# To do:
Counting every line in the entries below where the word "with" occurs, report how many there are. Give only that number.

# Information supplied:
####################

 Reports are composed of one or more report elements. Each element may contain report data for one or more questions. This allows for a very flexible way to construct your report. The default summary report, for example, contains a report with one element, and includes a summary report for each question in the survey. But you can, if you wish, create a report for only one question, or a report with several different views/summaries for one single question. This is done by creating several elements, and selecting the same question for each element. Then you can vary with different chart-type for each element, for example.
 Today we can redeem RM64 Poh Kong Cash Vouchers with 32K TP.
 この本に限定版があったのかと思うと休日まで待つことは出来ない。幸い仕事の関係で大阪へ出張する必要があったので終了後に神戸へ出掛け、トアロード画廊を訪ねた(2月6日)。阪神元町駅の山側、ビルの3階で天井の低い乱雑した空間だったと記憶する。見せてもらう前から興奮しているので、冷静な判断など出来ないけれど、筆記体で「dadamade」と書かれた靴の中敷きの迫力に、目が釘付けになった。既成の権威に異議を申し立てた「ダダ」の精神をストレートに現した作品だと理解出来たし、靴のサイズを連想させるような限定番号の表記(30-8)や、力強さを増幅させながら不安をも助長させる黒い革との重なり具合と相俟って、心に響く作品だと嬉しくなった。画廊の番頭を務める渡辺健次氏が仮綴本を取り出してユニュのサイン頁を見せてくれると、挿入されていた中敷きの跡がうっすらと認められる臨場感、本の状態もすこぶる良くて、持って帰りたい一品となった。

####################

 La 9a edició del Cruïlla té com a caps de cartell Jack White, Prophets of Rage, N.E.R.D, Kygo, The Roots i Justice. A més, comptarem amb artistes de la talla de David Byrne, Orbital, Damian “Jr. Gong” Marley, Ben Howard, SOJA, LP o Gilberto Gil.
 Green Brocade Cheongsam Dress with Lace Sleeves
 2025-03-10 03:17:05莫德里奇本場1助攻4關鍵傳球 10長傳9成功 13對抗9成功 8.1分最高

####################

# Written response:
3